The operation of this embodiment is as follows. At the time of starting, the temperature in the valve chamber 3 is low, the shape memory alloy 21 is expanded and does not urge the valve member 18 in the valve closing direction, and the expansion medium 16 is contracted. Therefore, the diaphragm 15
Is displaced in the valve opening direction by the fluid pressure on the inlet 4 side, and the valve member 18 is separated from the valve seat member 8 to open the outlet passage 7. Thereby, low-temperature condensate and air are discharged from the outlet 5.

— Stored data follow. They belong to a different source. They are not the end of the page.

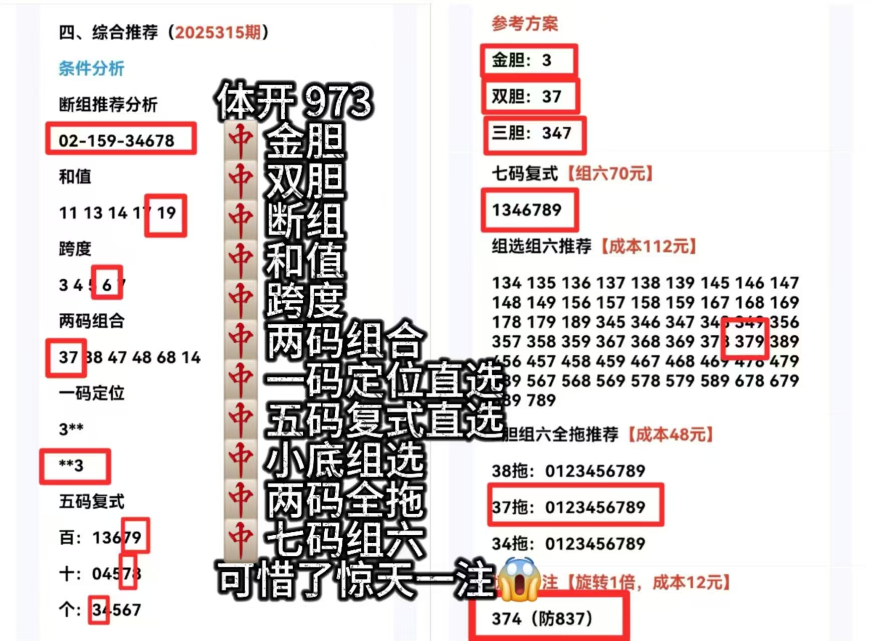 2025307期 命中大底直选,命中小底组选,命中五码、七码推荐,命中和值,命中两码组合
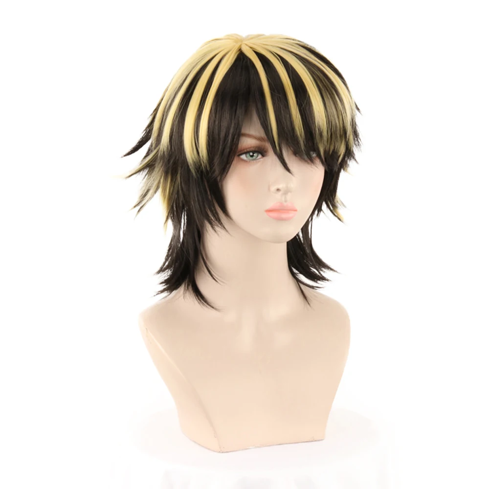 Парик для косплея ханемия казутора из аниме Токио, короткие черные и золотистые волосы с колпачком из Токио мандзи, с шапочкой
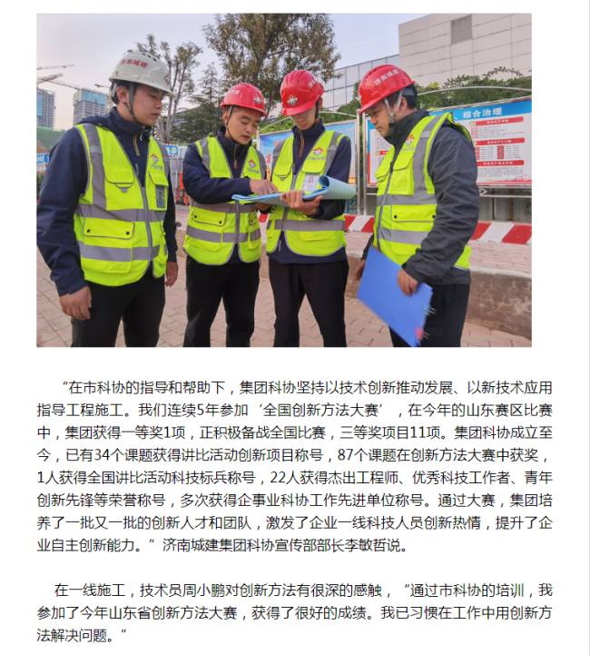 济南日报深入施工一线进行采访,了解到在施工过程中工艺的改进和创新给企业带来的效益,以及集团近几年取得的科技创新成就,对集团的创新发展情况和科协工作给予了高度评价。在今后的工作中,集团科协将继续激发广大科技人员的创新热情,打造“科创城建”。

When the temperature of the fluid flowing into the valve chamber 3 increases due to the discharge of the low-temperature fluid, the shape memory alloy 2
1 contracts and urges the valve member 18 in the valve closing direction. Then, when the temperature of the fluid flowing into the valve chamber 3 further increases, the expansion medium 16 expands. Due to the deformation force that urges the valve member 18 of the shape memory alloy 21 in the valve closing direction and the pressure in the internal space that rises due to the expansion of the expansion medium, the diaphragm 15 moves in the valve closing direction against the fluid pressure on the inlet 4 side. The valve member 18 is displaced, and the valve member 18 is seated on the valve seat member 8 to close the outlet passage 7. This prevents vapor leakage. As described above, since the deformation force of the shape memory alloy 21 is applied as the valve closing force, the lead-out path 7 can be reliably closed.

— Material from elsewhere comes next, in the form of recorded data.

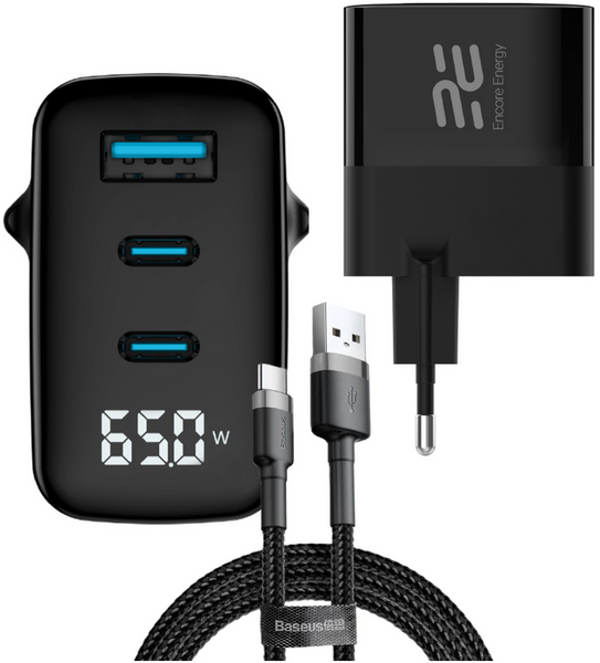 Cargador de pared nuevo Encore Energy GaN QC 4+ PD 3.0 USB-A USB-C x2 65W con pantalla Cargador USB rápido + Cable USB Baseus 2m
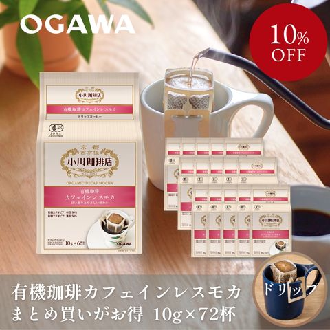 【まとめ買い】【定価10,104円→9,093円】有機珈琲カフェインレスモカ ドリップコーヒー6杯分 12個|公式小川珈琲 デカフェ 個包装 有機栽培 オーガニック
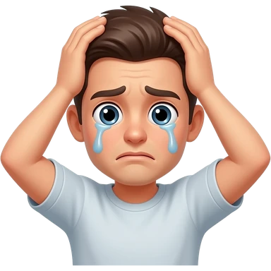 A drawing type emoji but it's in stress and thinking and almost crying or blushing and eyes are big and its hand are in his head emoji

When the fluid temperature in the valve chamber 3 decreases due to heat radiation or the like, the expansion medium 16 contracts. Therefore, the diaphragm 15 is displaced in the valve opening direction by the fluid pressure on the inlet 4 side, and the valve member 18 separates from the valve seat member 8 to open the outlet passage 7. Thereby, low-temperature condensate and air are discharged from the outlet 5.

[0014]

The present invention has the following specific effects. As described above, according to the present invention, the outlet path is securely closed by disposing the temperature responsive member that urges the diaphragm or the valve member in the valve closing direction when the temperature is high between the diaphragm or the valve member and the valve seat member or the casing. As a result, steam leakage does not occur and energy is saved.

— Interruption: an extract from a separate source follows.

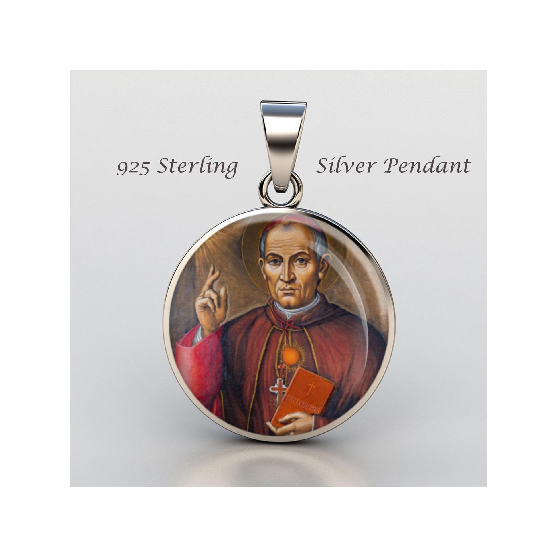 Dedicated to Saint Antonio Maria Claret, this 20mm sterling silver pendant features a delicate design under a clear glass dome, crafted with high-quality paper. The pendant comes in a beautiful jewelry box, ready for gifting—perfect for birthdays, anniversaries, Christmas, Easter, Baptism, First Communion, Confirmation, Mother's Day, or as a thoughtful gift for a loved one.

[Brief description of the drawings]

FIG. 1 is a sectional view of a thermally responsive steam trap according to an embodiment of the present invention.

[Explanation of symbols]

 DESCRIPTION OF SYMBOLS 1 Upper casing 2 Lower casing 3 Valve room 4 Inlet 5 Outlet 7 Outgoing path 8 Valve seat member 10 Temperature control element 12 Wall member 14 Internal space 15 Diaphragm 16 Expansion medium 18 Valve member 21 Shape memory alloy

Claims (1)

[Claims] A temperature control wherein an inlet, a valve chamber, and an outlet are formed by casing, an expansion medium is sealed in an internal space formed by fixing a wall member and an outer peripheral edge of the diaphragm, and a valve member is connected to the diaphragm. A device in which a valve element is disposed in a valve chamber and a valve member is driven by displacement of a diaphragm due to expansion and contraction of an expansion medium to open and close an outlet path formed at an opening end of a valve chamber at an outlet. A thermally responsive steam trap, wherein a temperature responsive member for urging a diaphragm or a valve member in a valve closing direction at a high temperature is disposed between a member or a casing.